- [To do]
In the listing that follows, find the line with "This black sweater", then copy exactly from it through the line with "卢国强、李兆祥分别宣读了20", leaving out every picture.

--- Input records ---

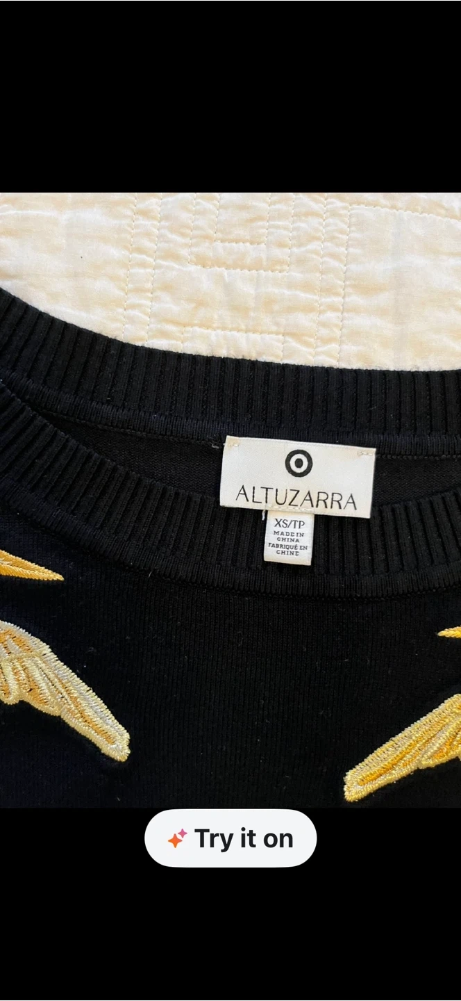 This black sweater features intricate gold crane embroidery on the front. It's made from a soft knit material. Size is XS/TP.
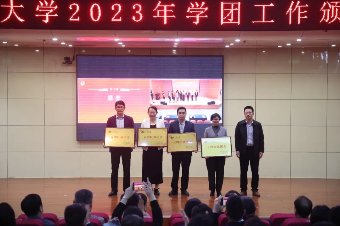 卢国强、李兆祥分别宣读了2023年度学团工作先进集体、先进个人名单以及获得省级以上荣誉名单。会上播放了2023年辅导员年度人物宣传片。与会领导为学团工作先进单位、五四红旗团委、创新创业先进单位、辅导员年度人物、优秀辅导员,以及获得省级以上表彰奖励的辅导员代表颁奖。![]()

---
--- Input records ---

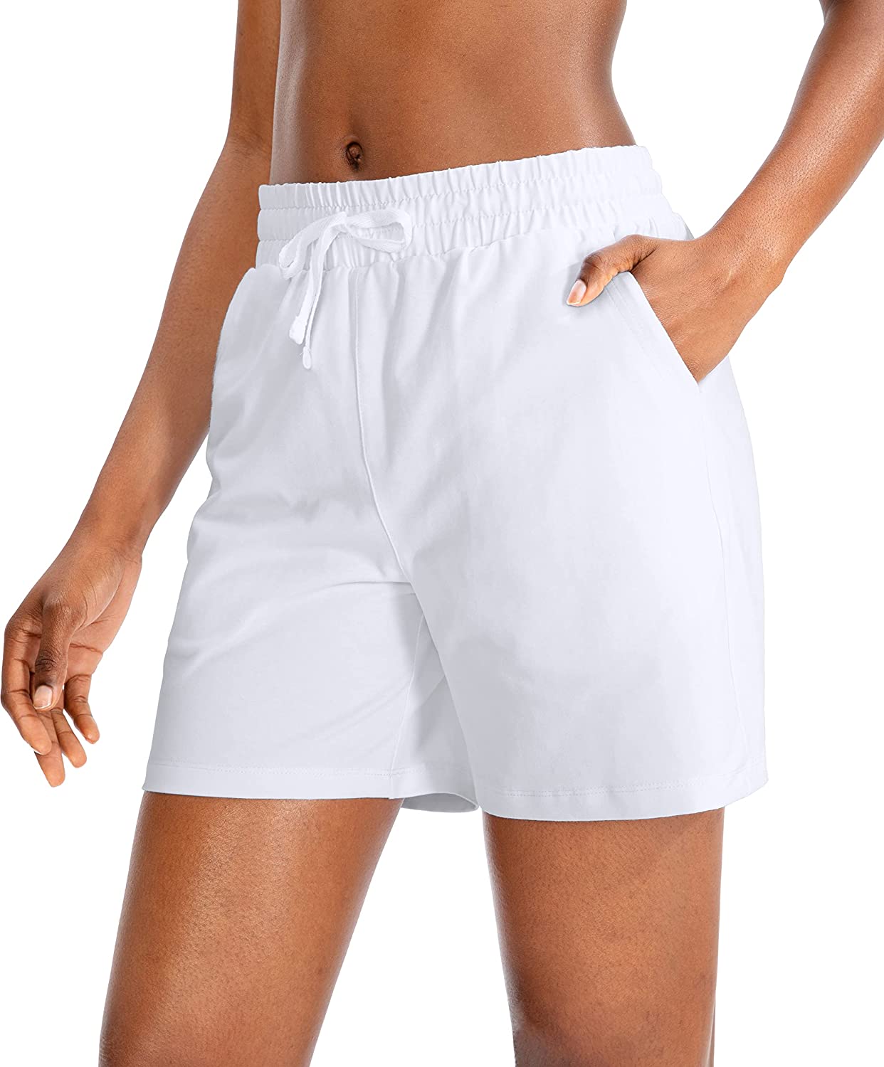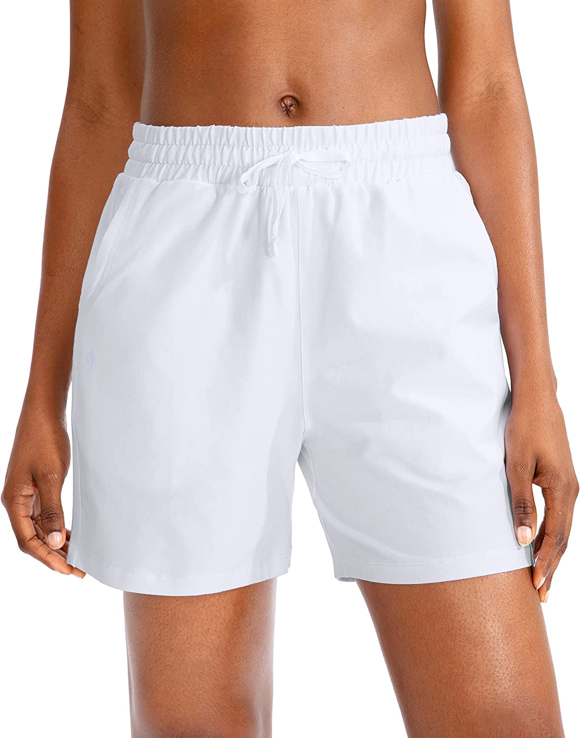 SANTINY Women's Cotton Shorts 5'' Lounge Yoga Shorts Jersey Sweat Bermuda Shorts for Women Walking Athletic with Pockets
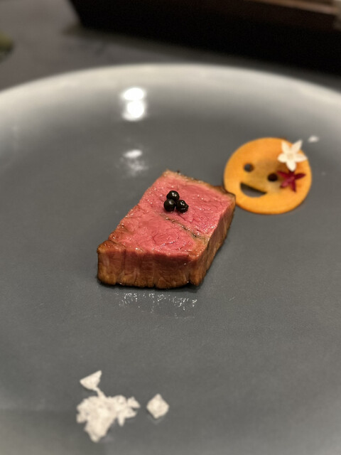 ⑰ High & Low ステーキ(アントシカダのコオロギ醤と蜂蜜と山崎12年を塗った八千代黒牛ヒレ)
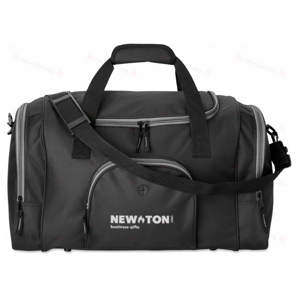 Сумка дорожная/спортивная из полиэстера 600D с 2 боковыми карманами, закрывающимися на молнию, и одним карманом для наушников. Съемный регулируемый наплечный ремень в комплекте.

---

- [Exercise result]
 This black sweater features intricate gold crane embroidery on the front. It's made from a soft knit material. Size is XS/TP.
 卢国强、李兆祥分别宣读了2023年度学团工作先进集体、先进个人名单以及获得省级以上荣誉名单。会上播放了2023年辅导员年度人物宣传片。与会领导为学团工作先进单位、五四红旗团委、创新创业先进单位、辅导员年度人物、优秀辅导员,以及获得省级以上表彰奖励的辅导员代表颁奖。![]()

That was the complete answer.